• DESCRIPTION OF THE TASK
The pictures must be left out, while the rest of the data is copied exactly.

• COLLECTED DATA
****************
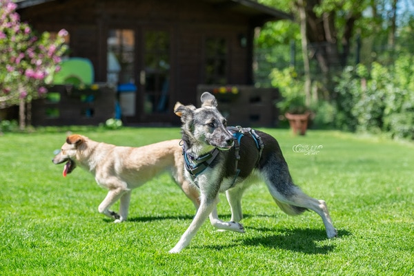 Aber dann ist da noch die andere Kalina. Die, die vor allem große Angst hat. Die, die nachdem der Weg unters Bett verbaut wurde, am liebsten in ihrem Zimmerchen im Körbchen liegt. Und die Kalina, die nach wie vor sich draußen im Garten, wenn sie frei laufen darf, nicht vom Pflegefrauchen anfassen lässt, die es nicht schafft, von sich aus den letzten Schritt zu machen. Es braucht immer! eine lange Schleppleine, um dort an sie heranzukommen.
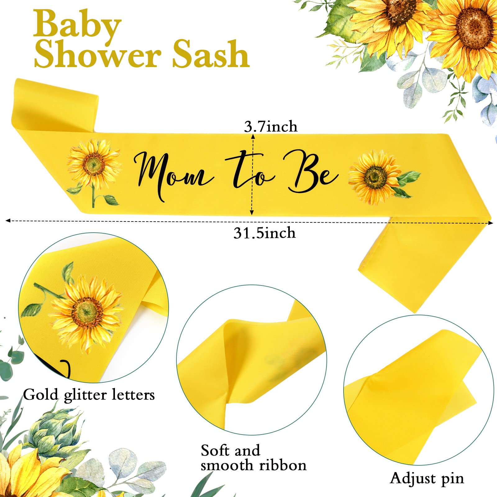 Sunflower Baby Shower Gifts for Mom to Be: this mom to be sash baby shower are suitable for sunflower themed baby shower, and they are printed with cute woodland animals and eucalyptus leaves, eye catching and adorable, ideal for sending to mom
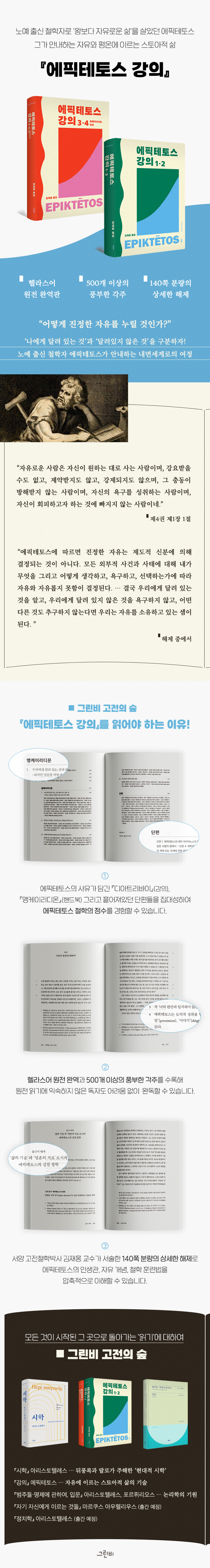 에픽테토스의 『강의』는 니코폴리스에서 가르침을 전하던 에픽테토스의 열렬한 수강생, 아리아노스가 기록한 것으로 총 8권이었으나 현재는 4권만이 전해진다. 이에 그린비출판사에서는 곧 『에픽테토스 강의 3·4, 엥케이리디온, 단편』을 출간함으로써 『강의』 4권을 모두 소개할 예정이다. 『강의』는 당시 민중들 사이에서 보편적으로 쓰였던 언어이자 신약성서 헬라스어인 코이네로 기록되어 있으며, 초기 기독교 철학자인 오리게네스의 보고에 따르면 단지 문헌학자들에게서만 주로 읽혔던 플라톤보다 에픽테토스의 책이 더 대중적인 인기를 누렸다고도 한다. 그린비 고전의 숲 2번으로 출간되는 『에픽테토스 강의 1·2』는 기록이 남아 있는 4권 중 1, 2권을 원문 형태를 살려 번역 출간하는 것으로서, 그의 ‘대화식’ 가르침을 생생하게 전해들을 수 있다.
****************
• ANSWER BOX
 Aber dann ist da noch die andere Kalina. Die, die vor allem große Angst hat. Die, die nachdem der Weg unters Bett verbaut wurde, am liebsten in ihrem Zimmerchen im Körbchen liegt. Und die Kalina, die nach wie vor sich draußen im Garten, wenn sie frei laufen darf, nicht vom Pflegefrauchen anfassen lässt, die es nicht schafft, von sich aus den letzten Schritt zu machen. Es braucht immer! eine lange Schleppleine, um dort an sie heranzukommen.
 Sunflower Baby Shower Gifts for Mom to Be: this mom to be sash baby shower are suitable for sunflower themed baby shower, and they are printed with cute woodland animals and eucalyptus leaves, eye catching and adorable, ideal for sending to mom
 에픽테토스의 『강의』는 니코폴리스에서 가르침을 전하던 에픽테토스의 열렬한 수강생, 아리아노스가 기록한 것으로 총 8권이었으나 현재는 4권만이 전해진다. 이에 그린비출판사에서는 곧 『에픽테토스 강의 3·4, 엥케이리디온, 단편』을 출간함으로써 『강의』 4권을 모두 소개할 예정이다. 『강의』는 당시 민중들 사이에서 보편적으로 쓰였던 언어이자 신약성서 헬라스어인 코이네로 기록되어 있으며, 초기 기독교 철학자인 오리게네스의 보고에 따르면 단지 문헌학자들에게서만 주로 읽혔던 플라톤보다 에픽테토스의 책이 더 대중적인 인기를 누렸다고도 한다. 그린비 고전의 숲 2번으로 출간되는 『에픽테토스 강의 1·2』는 기록이 남아 있는 4권 중 1, 2권을 원문 형태를 살려 번역 출간하는 것으로서, 그의 ‘대화식’ 가르침을 생생하게 전해들을 수 있다.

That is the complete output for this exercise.